DATA »
◇ ◇ ◇ ◇ ◇

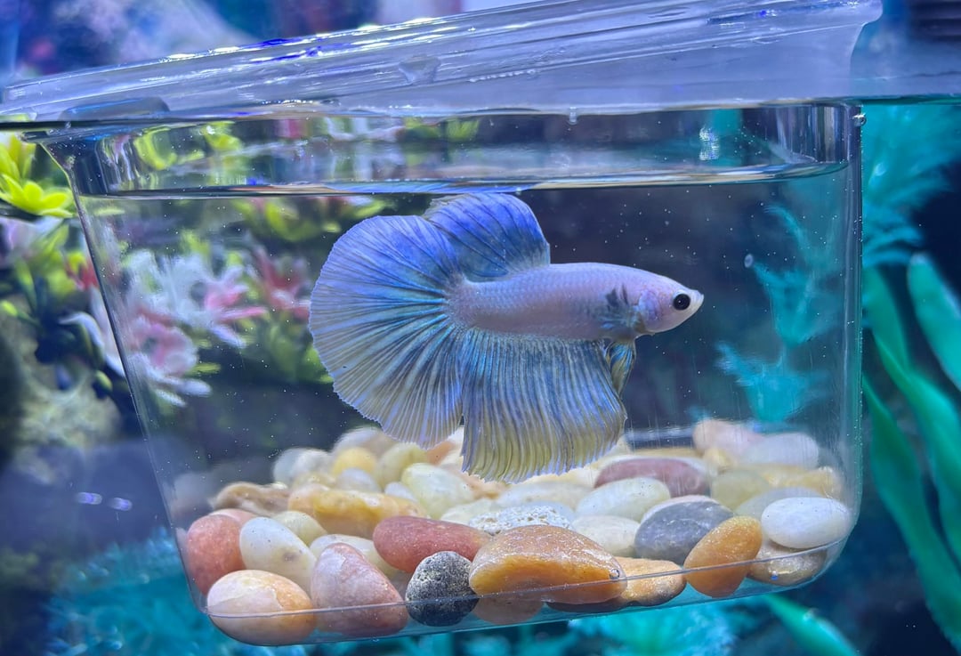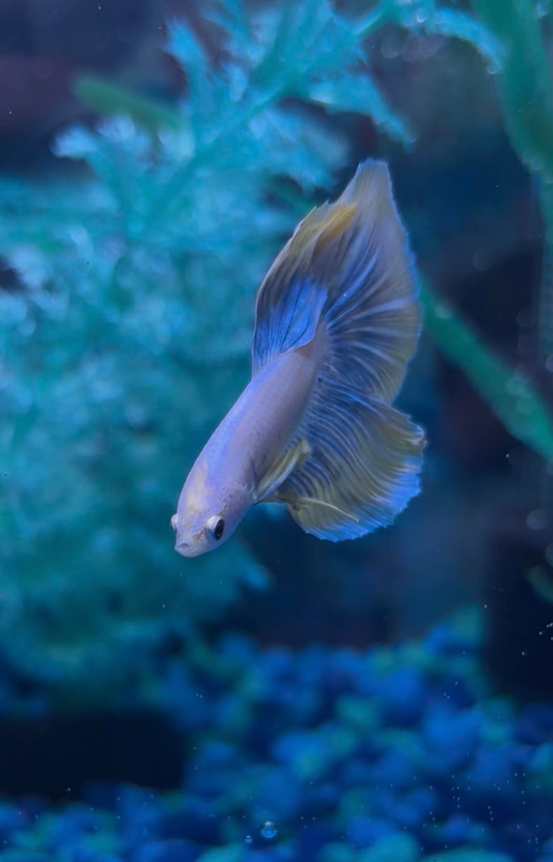 I'm looking for names for this gorgeous boy! He came to me a pale white with partially clear fins, and I'm so happy to see he has brightened into a lovely ivory, yellow, and blue.
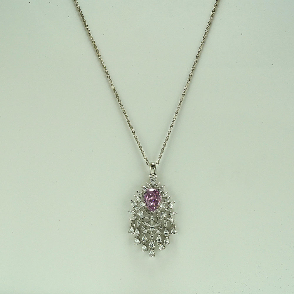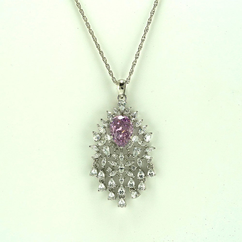 92.5% BIS Hallmarked Pink Glamira Zircon Silver Pendant with Chain
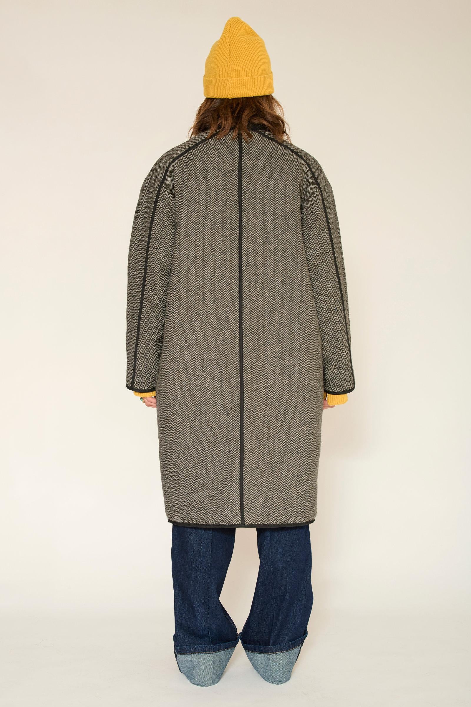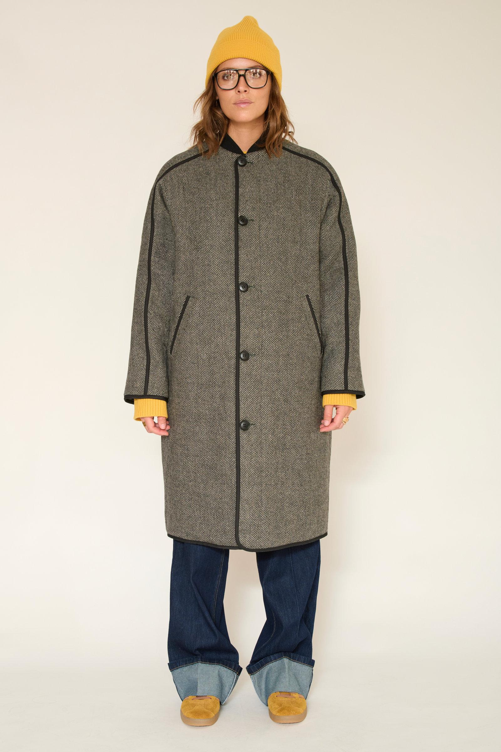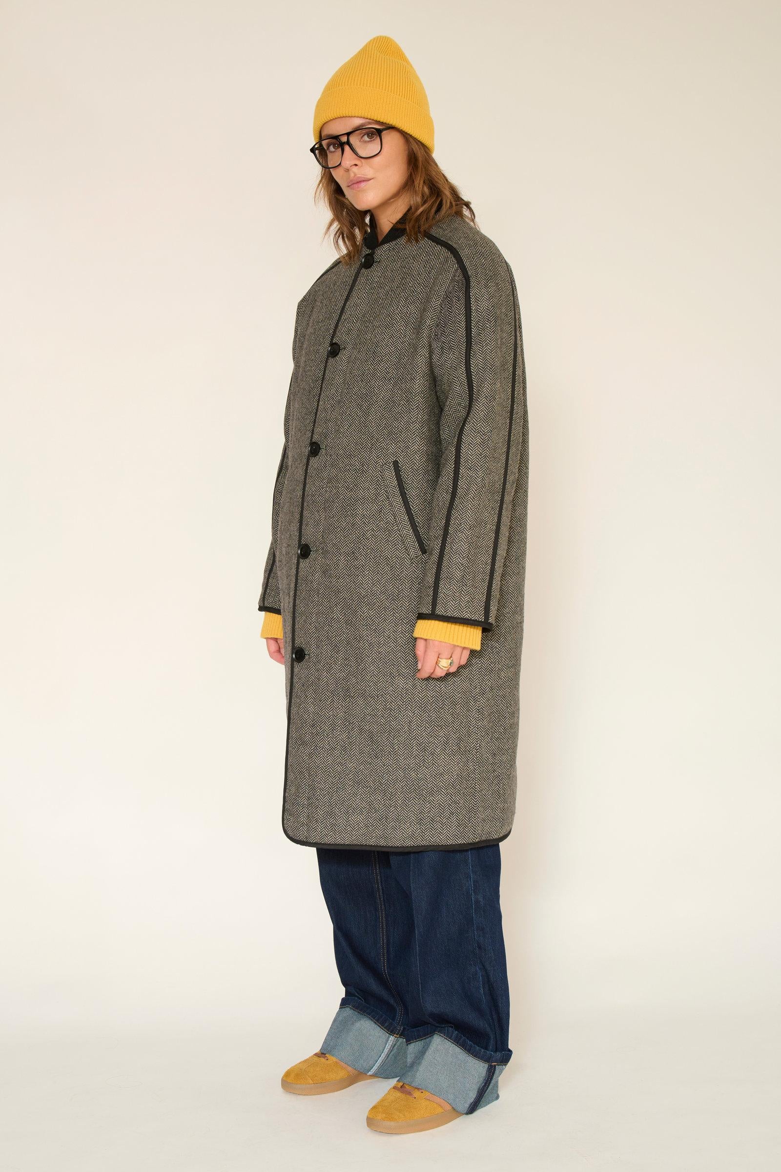 Los bordes del abrigo se realzan con acabados en contraste , acentuando su diseño pulcro y elegante. Este modelo suele combinarse con accesorios como un gorro de lana amarillo, aportando un toque de color alegre y brillante al conjunto.

◇ ◇ ◇ ◇ ◇

WHAT THIS TASK INVOLVES » All of the material above should be written out exactly as given, minus any images.

COMPLETED EXERCISE »
 I'm looking for names for this gorgeous boy! He came to me a pale white with partially clear fins, and I'm so happy to see he has brightened into a lovely ivory, yellow, and blue.
 92.5% BIS Hallmarked Pink Glamira Zircon Silver Pendant with Chain
 Los bordes del abrigo se realzan con acabados en contraste , acentuando su diseño pulcro y elegante. Este modelo suele combinarse con accesorios como un gorro de lana amarillo, aportando un toque de color alegre y brillante al conjunto.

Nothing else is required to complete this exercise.